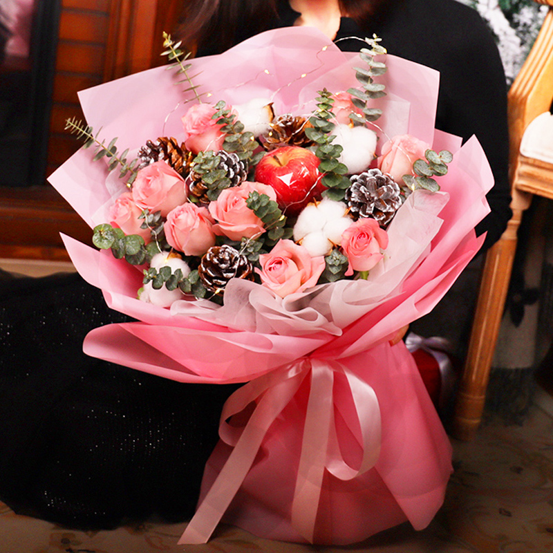 • 【19枝粉色扶郎,白色小菊間插,梔子葉間插】+【8寸鮮奶水果蛋糕】
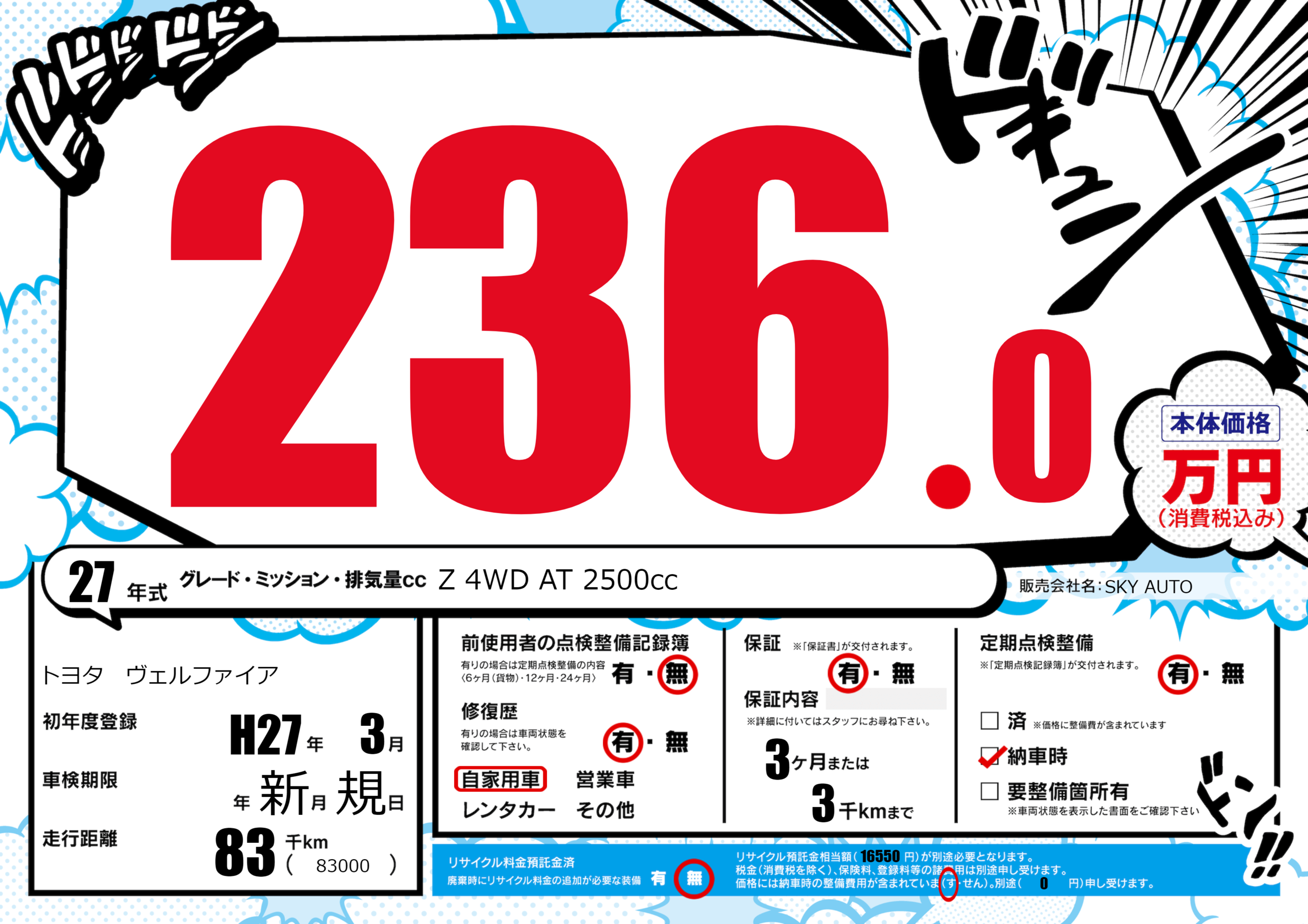 | 走行キロ | 8.3万km | 初年度登録 | H27年3月 |
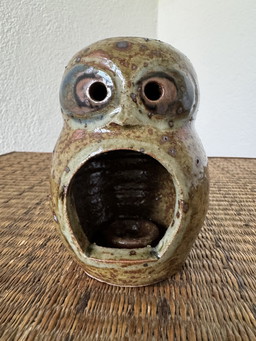 Guy Baudat ceramic owl candle jar
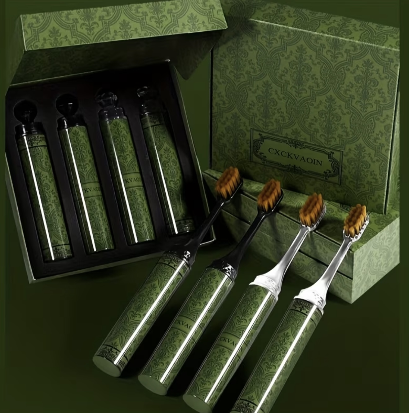 ست ۴ عددی مسواک لوکس با برسهای نرم – فوقظریف و فوقنرم برای محافظت از لثهها، با طراحی سبز و مدرن، مسواکهای قابل حمل و مناسب سفر برای آقایان و خانمها، قابل استفاده در منزل و خارج از خانه، همراه با نگهدارنده مسواک، طراحی شیک و بادوام
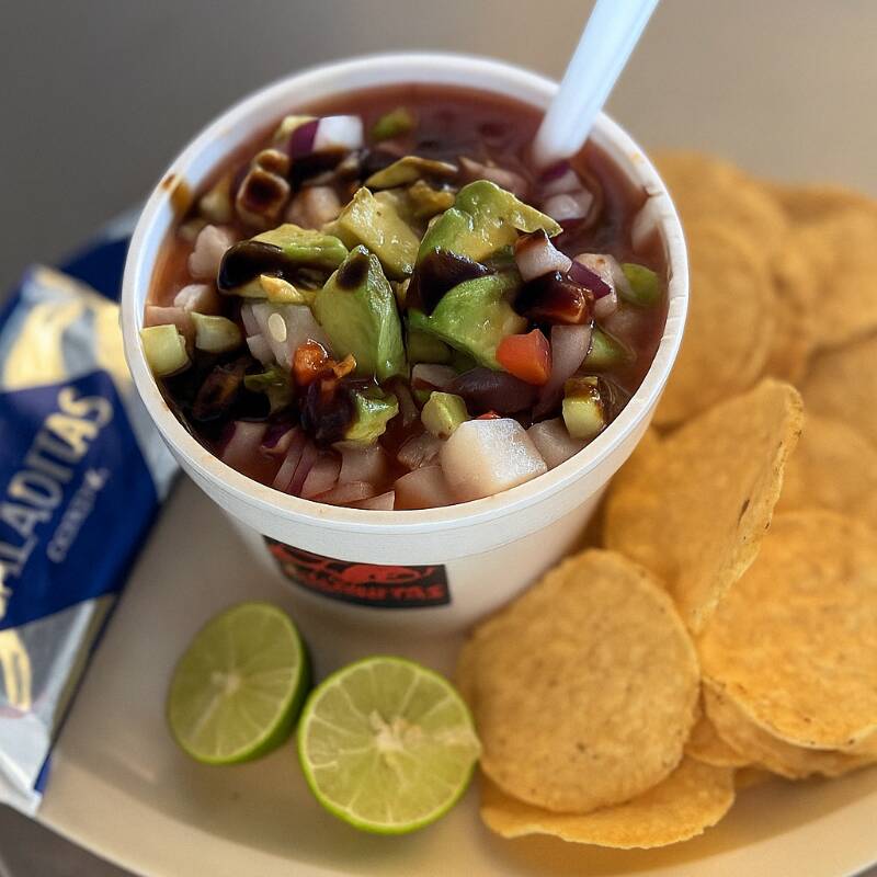 Medio litro de ceviche de camarón pulpo y pescado con totopos
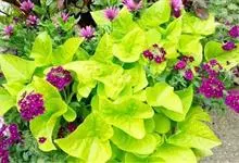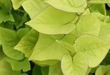 金叶番薯是旋花科番薯属的多年生草本植物。茎略呈蔓性;叶呈心形或不规则卵形,全缘或有分裂,叶色为黄绿色,嫩叶具绒毛;花单生或组成腋生聚伞花序或伞形至头状花序,花呈剌叭形;花期10-11月。…全部>>
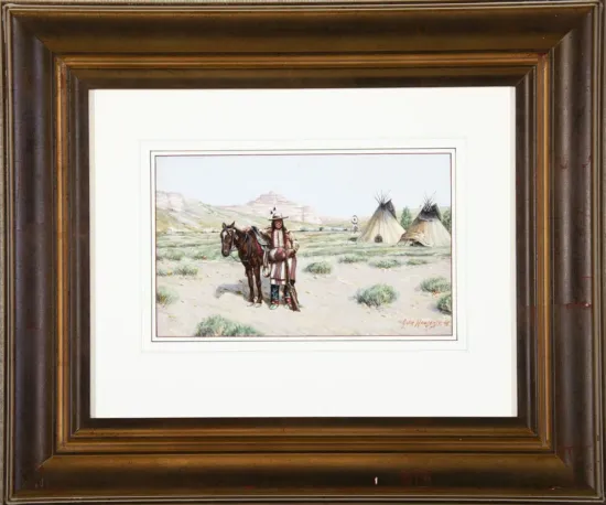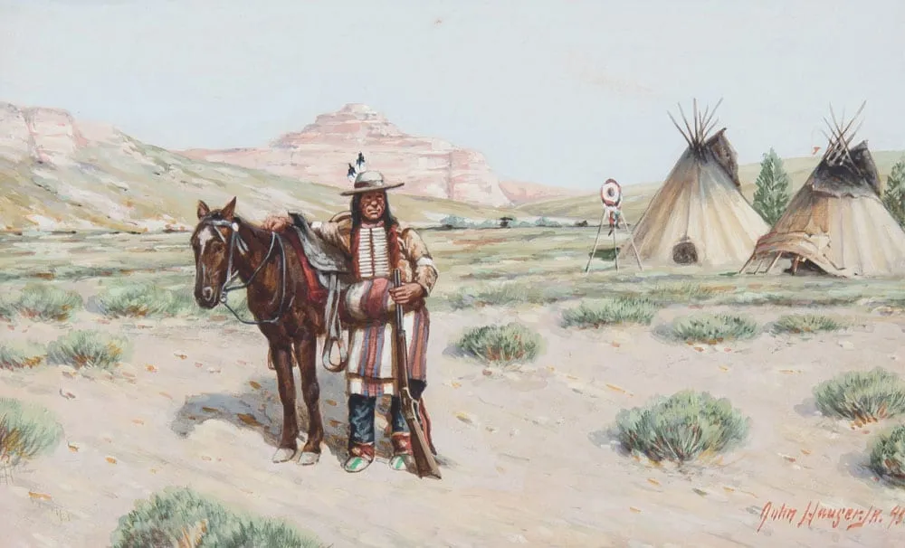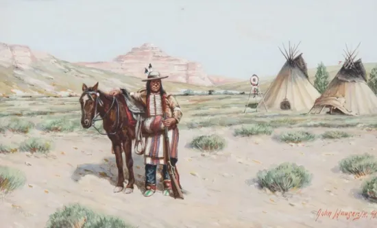 An important Cincinnati artist, friend and contemporary of Henry Farny, John Hauser studied in Munich, Dusseldorf and Paris, developing a realism that combines careful rendering with rich color. In 1901, Hauser’s time among the Sioux earned him adoption into their nation, where he was given the name “Straight White Shield.”
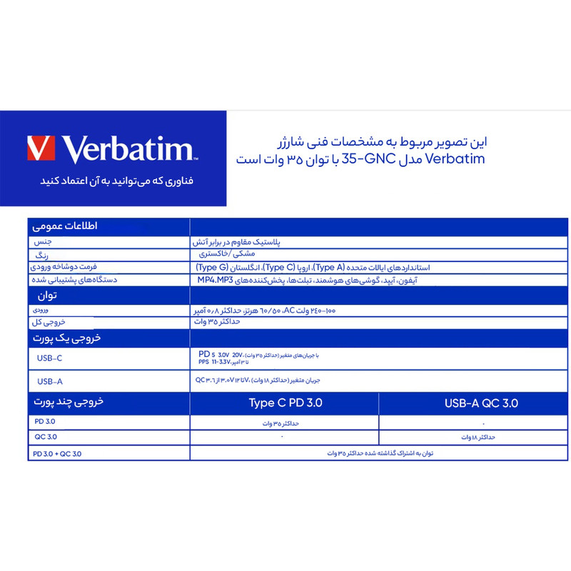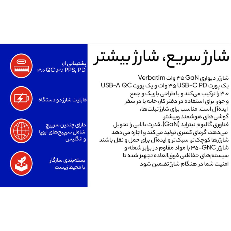 شارژر دیواری 35 وات ورباتیم مدل GaN
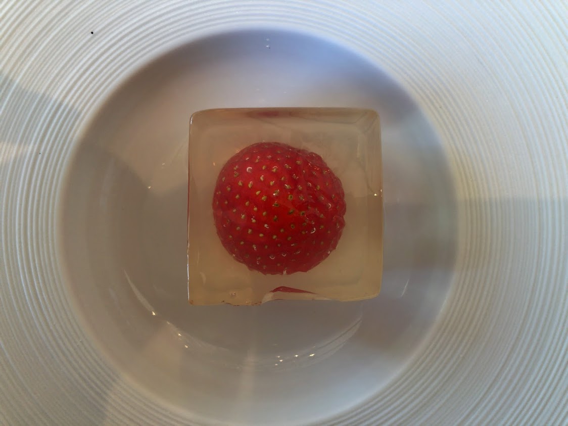 プレ・デザート。 いちごひとつ?って思ったら想像を超えるデザートでした。シンプルな見た目とは大違い。 |
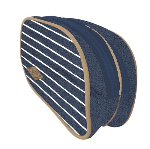 Saszetka dwukomorowa Basic paski, bez wyposażenia. Posiada dwie komory zapinane na zamek, emblemat i ozdobne wykończenia z ekoskóry
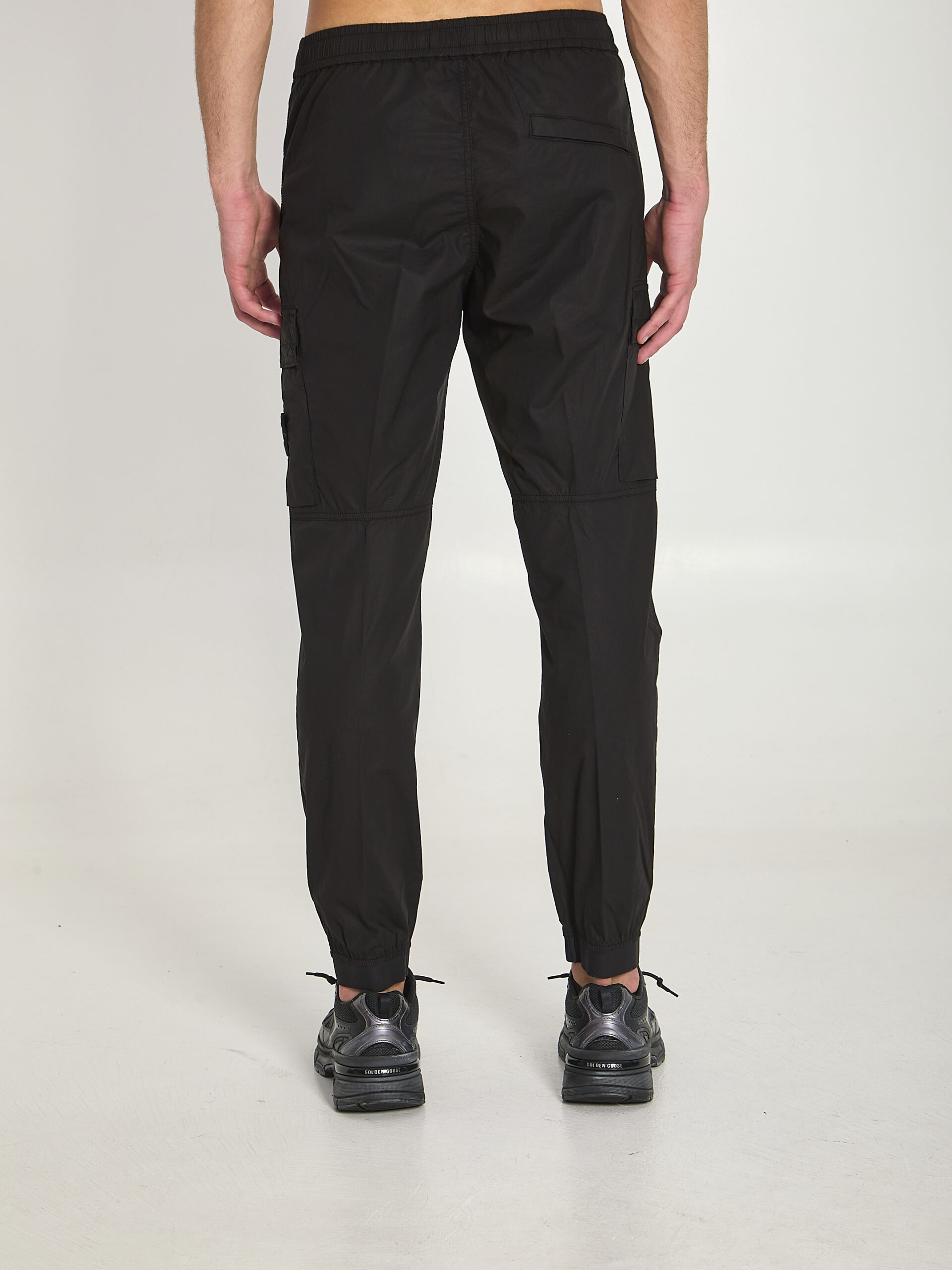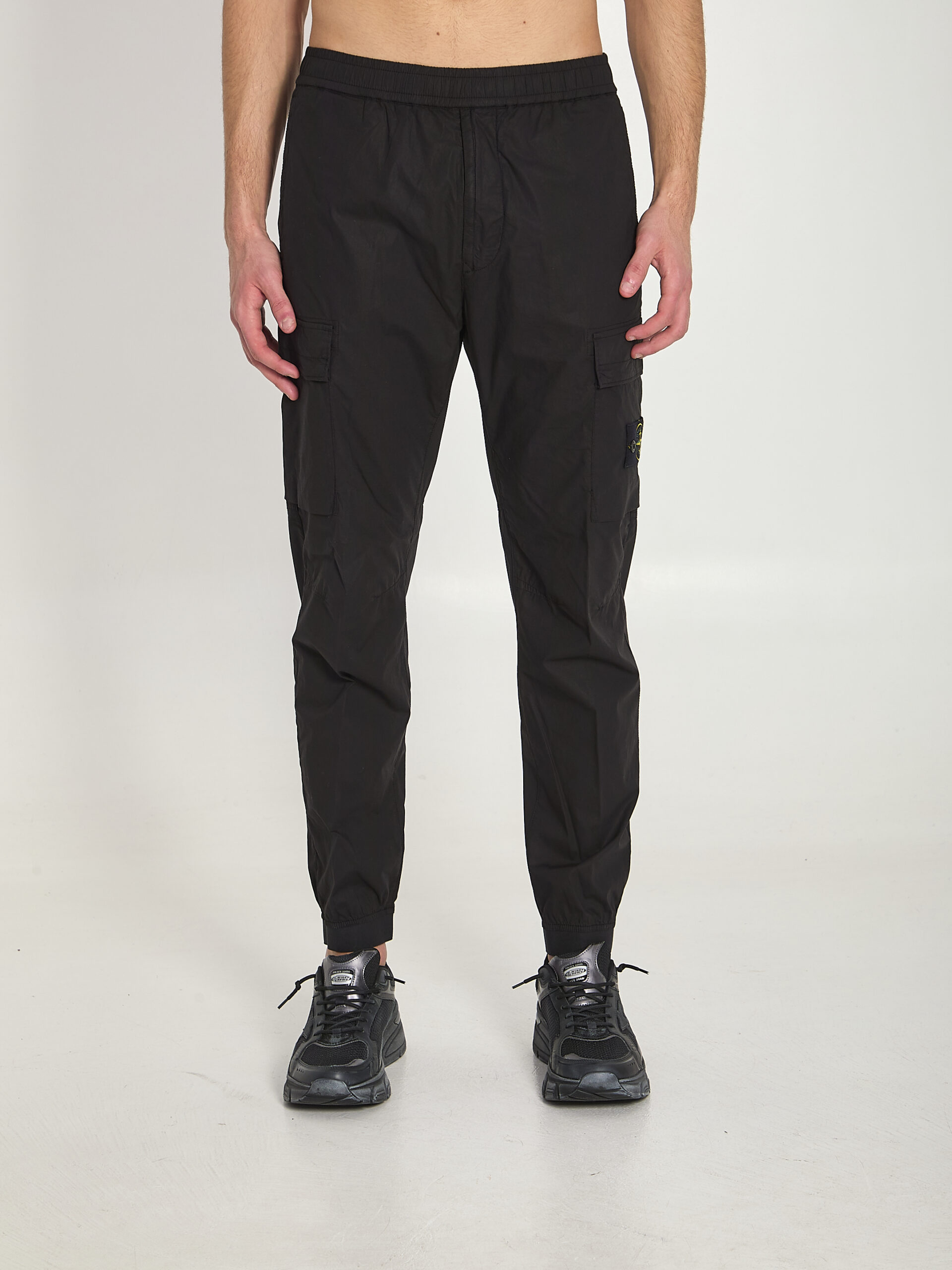 Lightweight stretch cotton black pants. Featuring an elastic waistband with internal drawstring, front zip closure, two front welt pockets, two side cargo pockets with flaps and buttons, iconic badge, a welt pocket with button at the back, and elasticized hem. Regular fit.
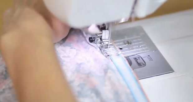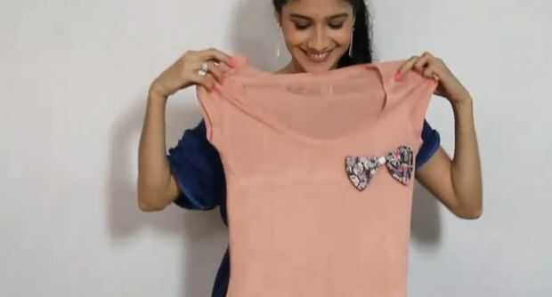 Ahora hay que unir la camisa y la falda con la ayuda de alfileres, coser con mucho cuidado esta parte.
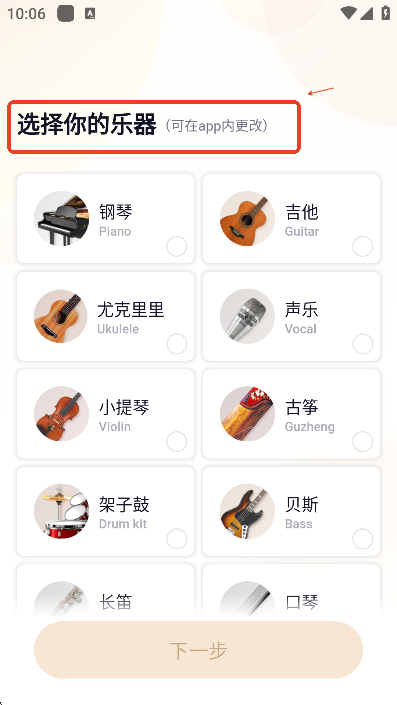 登录后,选择自己正在学习的乐器

▸ **What is being asked**
Repeat the listing above exactly, omitting the pictures it contains.

▸ **Task result**
 • 【19枝粉色扶郎,白色小菊間插,梔子葉間插】+【8寸鮮奶水果蛋糕】
 | 走行キロ | 8.3万km | 初年度登録 | H27年3月 |
 Guy Baudat ceramic owl candle jar
 ست ۴ عددی مسواک لوکس با برسهای نرم – فوقظریف و فوقنرم برای محافظت از لثهها، با طراحی سبز و مدرن، مسواکهای قابل حمل و مناسب سفر برای آقایان و خانمها، قابل استفاده در منزل و خارج از خانه، همراه با نگهدارنده مسواک، طراحی شیک و بادوام
 Medio litro de ceviche de camarón pulpo y pescado con totopos
 金叶番薯是旋花科番薯属的多年生草本植物。茎略呈蔓性;叶呈心形或不规则卵形,全缘或有分裂,叶色为黄绿色,嫩叶具绒毛;花单生或组成腋生聚伞花序或伞形至头状花序,花呈剌叭形;花期10-11月。…全部>>
 An important Cincinnati artist, friend and contemporary of Henry Farny, John Hauser studied in Munich, Dusseldorf and Paris, developing a realism that combines careful rendering with rich color. In 1901, Hauser’s time among the Sioux earned him adoption into their nation, where he was given the name “Straight White Shield.”
 شارژر دیواری 35 وات ورباتیم مدل GaN
 プレ・デザート。 いちごひとつ?って思ったら想像を超えるデザートでした。シンプルな見た目とは大違い。 |
 Saszetka dwukomorowa Basic paski, bez wyposażenia. Posiada dwie komory zapinane na zamek, emblemat i ozdobne wykończenia z ekoskóry
 Lightweight stretch cotton black pants. Featuring an elastic waistband with internal drawstring, front zip closure, two front welt pockets, two side cargo pockets with flaps and buttons, iconic badge, a welt pocket with button at the back, and elasticized hem. Regular fit.
 Ahora hay que unir la camisa y la falda con la ayuda de alfileres, coser con mucho cuidado esta parte.
 登录后,选择自己正在学习的乐器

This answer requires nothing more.